Mark 1:1
The church is supposed to be God’s threat to the status quo, because the status quo has been wrong since the last meal in the Garden of Eden! The status quo is the comfortable culture of the Garden that runs from, avoids, and worships gods carved from our own image. But the radical, messy, subversive strategy of God has entered our post-garden world! John Mark presents us with an alternative worldview,
The beginning of the gospel of Jesus Christ, the Son of God.[1]
The Gospel of Jesus Christ is a subversion of reality, as we know it. The starting line of the gospel of Jesus Christ is to reimagine a new world order. The gospel is the greatest threat and the only significant one, to the world, as we know it. The work of a kingdom coming, as we pray in the Lord’s Prayer, is messy work. It changes everything. It’s a new world order.
I want us to reimagine a new world order where Jesus Christ is the key player. I want you to suspend your current cultural thinking of church and community and reinvision a worldview of miracles, power, love, forgiveness, and vulnerability.

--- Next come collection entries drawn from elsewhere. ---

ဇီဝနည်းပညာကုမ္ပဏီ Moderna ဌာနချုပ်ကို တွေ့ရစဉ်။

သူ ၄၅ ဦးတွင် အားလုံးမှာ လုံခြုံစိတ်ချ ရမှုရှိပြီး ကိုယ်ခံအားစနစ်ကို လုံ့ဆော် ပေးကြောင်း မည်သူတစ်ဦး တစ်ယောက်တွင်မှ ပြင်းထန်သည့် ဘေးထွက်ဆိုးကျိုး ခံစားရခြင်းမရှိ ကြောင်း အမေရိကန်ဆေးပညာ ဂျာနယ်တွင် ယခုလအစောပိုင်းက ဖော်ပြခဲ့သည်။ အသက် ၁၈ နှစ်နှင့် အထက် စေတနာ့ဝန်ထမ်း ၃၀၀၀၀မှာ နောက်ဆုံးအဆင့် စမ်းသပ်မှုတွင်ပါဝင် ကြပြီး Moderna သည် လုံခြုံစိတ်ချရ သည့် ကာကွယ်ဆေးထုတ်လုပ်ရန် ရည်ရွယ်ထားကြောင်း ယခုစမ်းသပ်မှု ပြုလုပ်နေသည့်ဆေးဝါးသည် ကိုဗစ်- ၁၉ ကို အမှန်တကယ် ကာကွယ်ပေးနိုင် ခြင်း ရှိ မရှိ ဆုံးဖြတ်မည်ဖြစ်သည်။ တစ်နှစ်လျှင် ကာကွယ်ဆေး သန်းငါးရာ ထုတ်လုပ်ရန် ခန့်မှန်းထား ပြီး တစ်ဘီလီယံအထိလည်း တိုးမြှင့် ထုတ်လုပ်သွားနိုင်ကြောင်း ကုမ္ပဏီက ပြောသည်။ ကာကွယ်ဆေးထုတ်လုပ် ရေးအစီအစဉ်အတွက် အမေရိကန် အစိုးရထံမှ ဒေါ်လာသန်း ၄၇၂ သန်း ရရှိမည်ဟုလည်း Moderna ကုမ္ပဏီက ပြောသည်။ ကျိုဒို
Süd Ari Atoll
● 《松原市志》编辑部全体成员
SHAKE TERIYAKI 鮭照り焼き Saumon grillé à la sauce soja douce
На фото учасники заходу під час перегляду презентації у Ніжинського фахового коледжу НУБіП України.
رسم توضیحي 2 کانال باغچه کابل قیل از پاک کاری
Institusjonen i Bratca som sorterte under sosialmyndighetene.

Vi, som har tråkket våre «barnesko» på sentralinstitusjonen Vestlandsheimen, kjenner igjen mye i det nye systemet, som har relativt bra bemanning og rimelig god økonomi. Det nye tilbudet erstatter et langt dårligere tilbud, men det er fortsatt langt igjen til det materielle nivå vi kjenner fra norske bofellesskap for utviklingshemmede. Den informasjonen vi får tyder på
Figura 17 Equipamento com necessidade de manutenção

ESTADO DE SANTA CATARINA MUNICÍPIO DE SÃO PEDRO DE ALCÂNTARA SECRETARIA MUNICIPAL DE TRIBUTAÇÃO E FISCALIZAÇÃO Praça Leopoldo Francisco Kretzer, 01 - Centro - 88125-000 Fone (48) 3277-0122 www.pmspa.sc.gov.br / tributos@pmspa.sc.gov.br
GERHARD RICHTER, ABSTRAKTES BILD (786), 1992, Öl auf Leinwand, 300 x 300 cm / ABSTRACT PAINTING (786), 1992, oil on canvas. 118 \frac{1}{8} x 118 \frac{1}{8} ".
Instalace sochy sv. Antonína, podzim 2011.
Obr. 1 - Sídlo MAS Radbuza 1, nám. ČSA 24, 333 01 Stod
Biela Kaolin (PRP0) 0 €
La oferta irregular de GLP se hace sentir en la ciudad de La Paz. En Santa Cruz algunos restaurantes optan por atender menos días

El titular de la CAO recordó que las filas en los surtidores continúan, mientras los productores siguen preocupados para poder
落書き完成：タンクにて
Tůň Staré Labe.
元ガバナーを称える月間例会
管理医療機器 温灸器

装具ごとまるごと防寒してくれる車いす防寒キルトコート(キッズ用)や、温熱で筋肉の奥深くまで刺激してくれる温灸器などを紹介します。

The gospel of Jesus Christ is a subversion of reality, an alternative version of reality, that says another way of life is not only possible but is mandated and valid. It is a new system where Jesus is the key player, the key figure. It is a subversion of current cultural thinking that dictates that a new kingdom has come, is “at hand,” a kingdom that is inbreaking upon our daily life as a living reality. It is a kingdom that affects how we treat our spouse, how we do our job, how we fill out our taxes, how we shop at Walmart.
Mark is introducing a messy gospel. A gospel not taught in most of our churches and Sunday schools. It is a subversion of our comfortable American way of life. This is a new world order that speaks of a King, Jesus Christ, who challenges our comfortable way of life.
The messy gospel of John Mark is a fast paced vibrant depiction of a man on a mission. Mark speaks of Jesus as the “son of man” more than any other gospel writer. It is a description of the humanness of Jesus. His humanity comes out in vivid scene after scene—a kind of first century motion picture of our savior living out true humanity through a counter cultural view of life.
We are thus faced with a choice—the choice of a new world order that challenges our old ways, our current passivity, our lingering shame, and our cult of comfort. The choice is before us. As we begin to work our way through the Gospel of Mark, buckle up the seatbelts of your heart, it could get messy.
On the Road,
Steve
[1] The New King James Version. 1982 (Mk 1:1). Nashville: Thomas Nelson.